Sounds awesome right? Then again in the wrong hands the above plot could go horribly disaster zone coughcoughdeankoontzcoughcough wrong. Right now Dean Koontz is tearing out his hair plugs and stomping his feet. Calm the bleep down Dean! I read and actually thought Funhouse was a hoot. And your literary biography is great. I just don’t think your take on the basic The Zombie Autopsies plot would be very good. And don’t go strutting around too cocky Mr King, Cell wasn’t very good either. Many an eyeroll betwixt the first and final pages.

Part of what makes The Zombie Autopsies so good is that Steven C. Schlozman is a doctor. A doctor that has the rare of gift of making the tricky science bits seem so basic and easy that even my stuffed dragon baby Bob could understand them. (Bob: “I smart! I not dumb! I real!”) And like Michael Crichton, Schlozman has the knack of making you believe as you sit on your couch “yeah I can totally see this being true and going down”.
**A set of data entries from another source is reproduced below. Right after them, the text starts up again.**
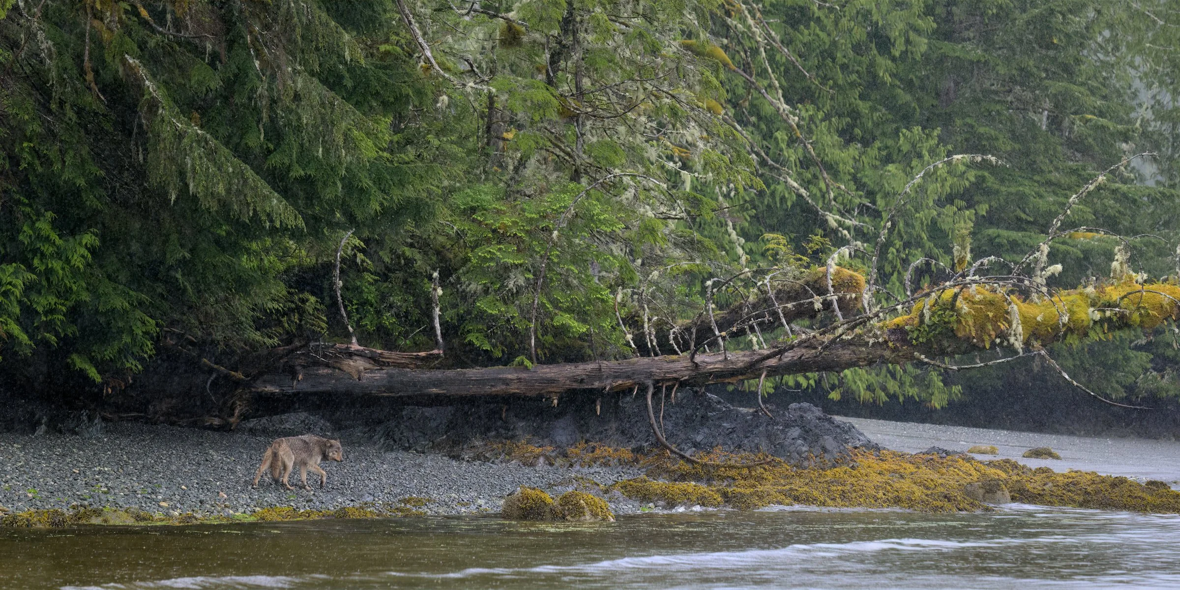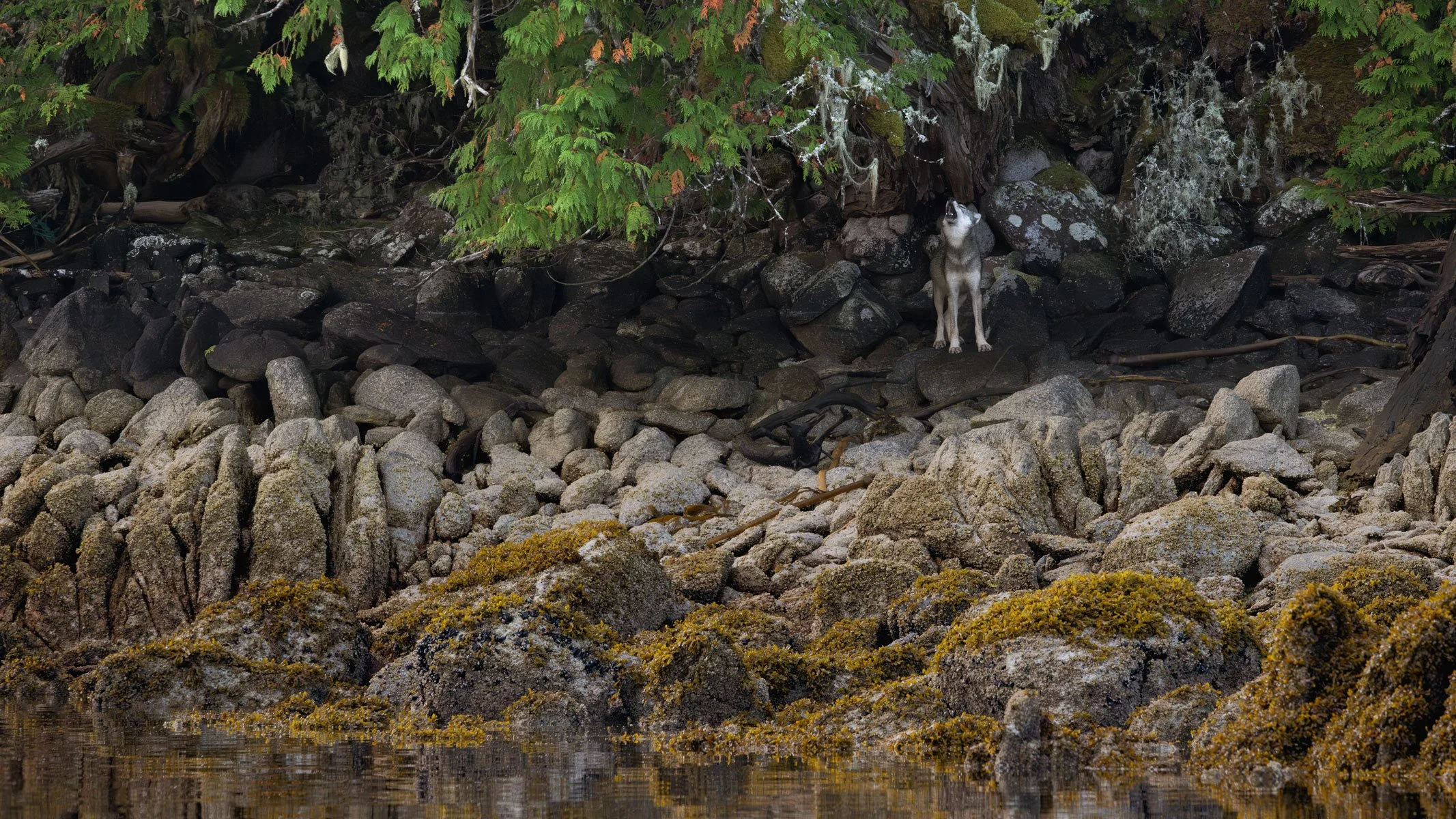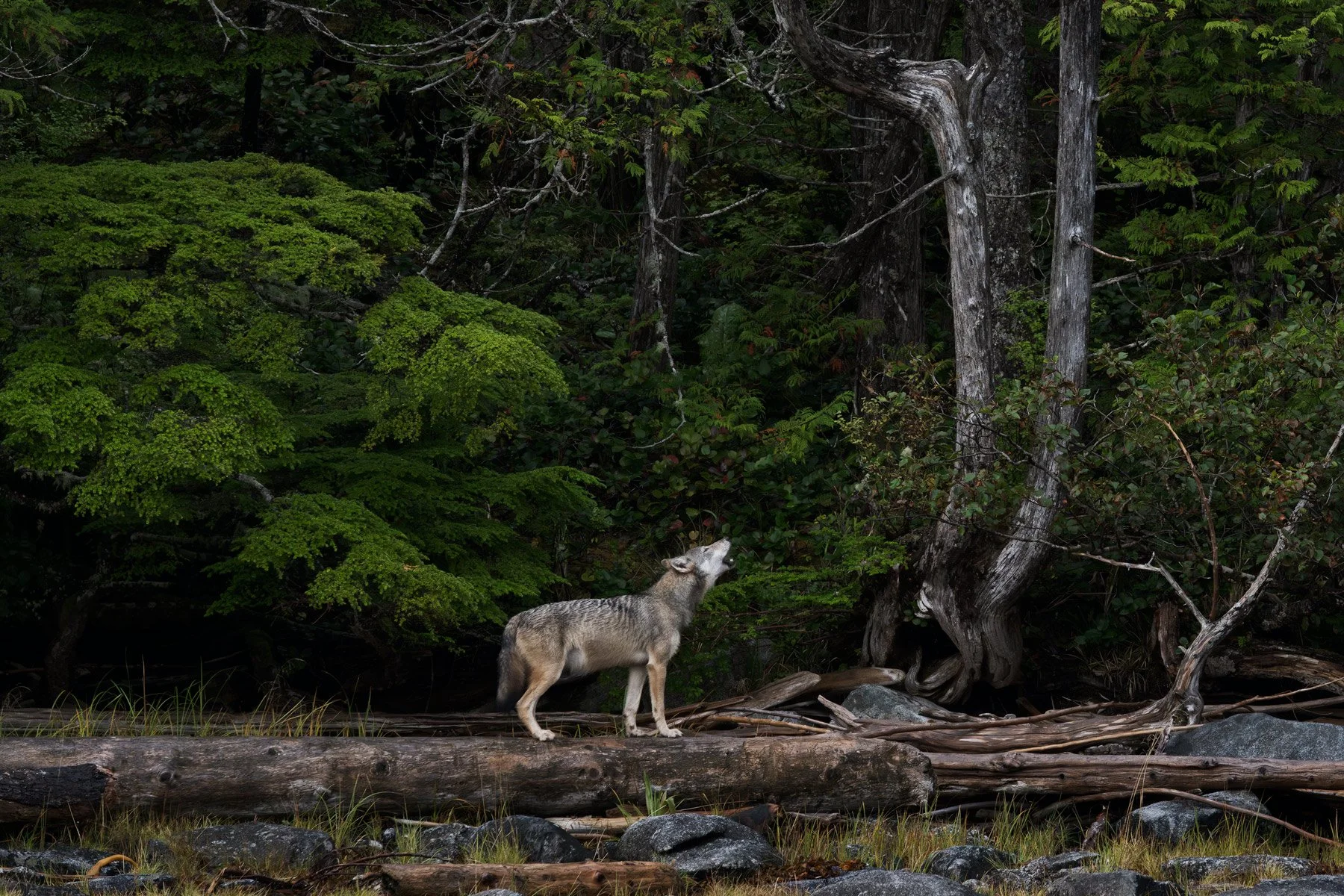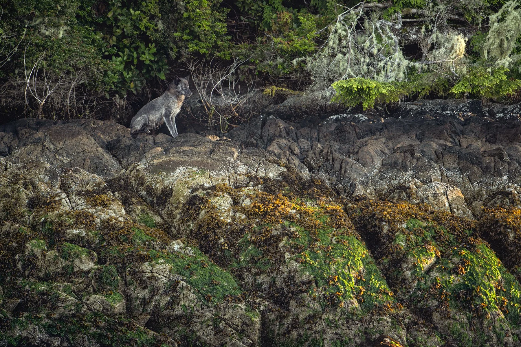 The wolves are placed in their greater environment: ancient forests, tidal rhythms, seasonal cycles.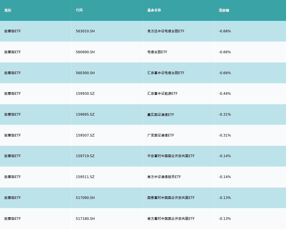 昨日股票型ETF跌幅最大的3支ETF及其收益率分别为:易方达中证电信主题ETF(-0.66%)、电信主题ETF(-0.66%)、汇添富中证电信主题ETF(-0.66%)。跌幅前10详情见下表: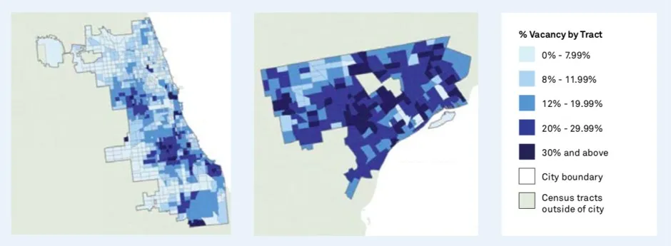 (数据:美国人口普查局。地图由Adrienne McDonnell提供,感谢社区进步中心)2018年。林肯土地政策研究所。来自Alan Mallach的《隔壁的空房子:理解和减少美国的空置和超空置现象》。在一些城市,如芝加哥,超空置现象集中在特定社区。在巴尔的摩,空置率从1990年到2010年向城市中心外扩散。在底特律,超空置现象遍布整个城市。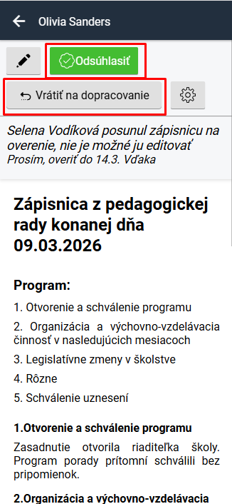 Kliknutím na notifikáciu sa Vám otvorí zápisnica. Môžete ju skontrolovať.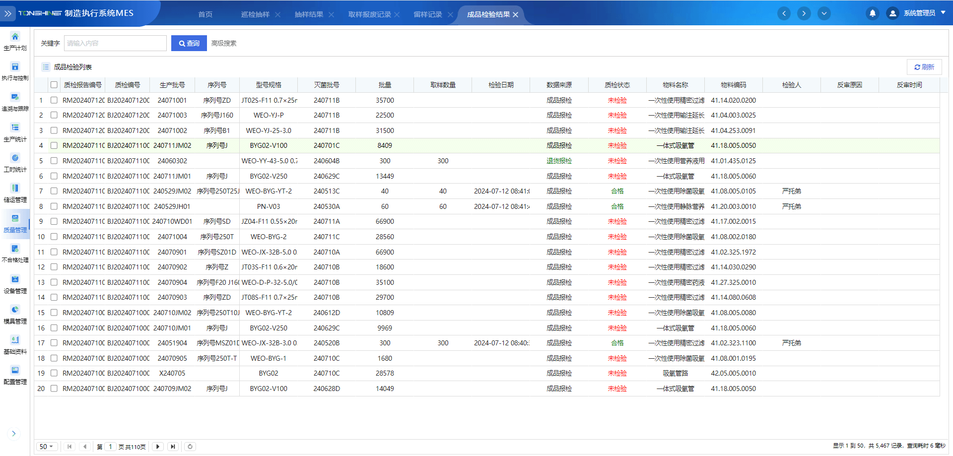 该模块包含组配件待检、巡检抽样质检、不合格品处理、报废和返工管理。覆盖生产过程中的质检环节,对于工序中的抽样,如果不返还样品或者部分返还样品,则需要对不返还的物料进行报废处理。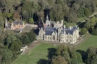 The result of Blore's, and then Teulon's, efforts, is decidedly vertiginous; Historic England notes the "balanced asymmetry and strikingly punctuated skyline".[22] The building is of three storeys on some fronts, and four on others, with a range of turrets and towers. Jill Franklin notes the diagonal staircase tower as one of the earliest examples of its type.[23] The building materials are Caen stone, brick and flint, with slate used for roofing.[22] The climax of the interior is Teulon's cruciform central hall, with stained glass, an organ and a timber roof with elaborate carving by Thomas Earp.[2] Mark Girouard, the architectural historian, considers Shadwell among Teulon's best work; "a dazzling display of Victorian fireworks, in its way a work of genius".[24]

If I had to break down The Zombie Autopsies for a Hollywood pitch it would be “okay imagine Max Brooks’ Zombie Survival Guide had a baby with Michael Crichton and Margaret Atwood’s Haidmaid’s Tale now where’s my $30 million?”

So if Shaun of the Dead and The Zombie Survival Guide are in your favorites, scamper down to the library or Barnes & Noble and splash out the $20 for The Zombie Autopsies. Me? I’m off to fill my weekly intralibrary loan request with all zombie things starting with World War Z!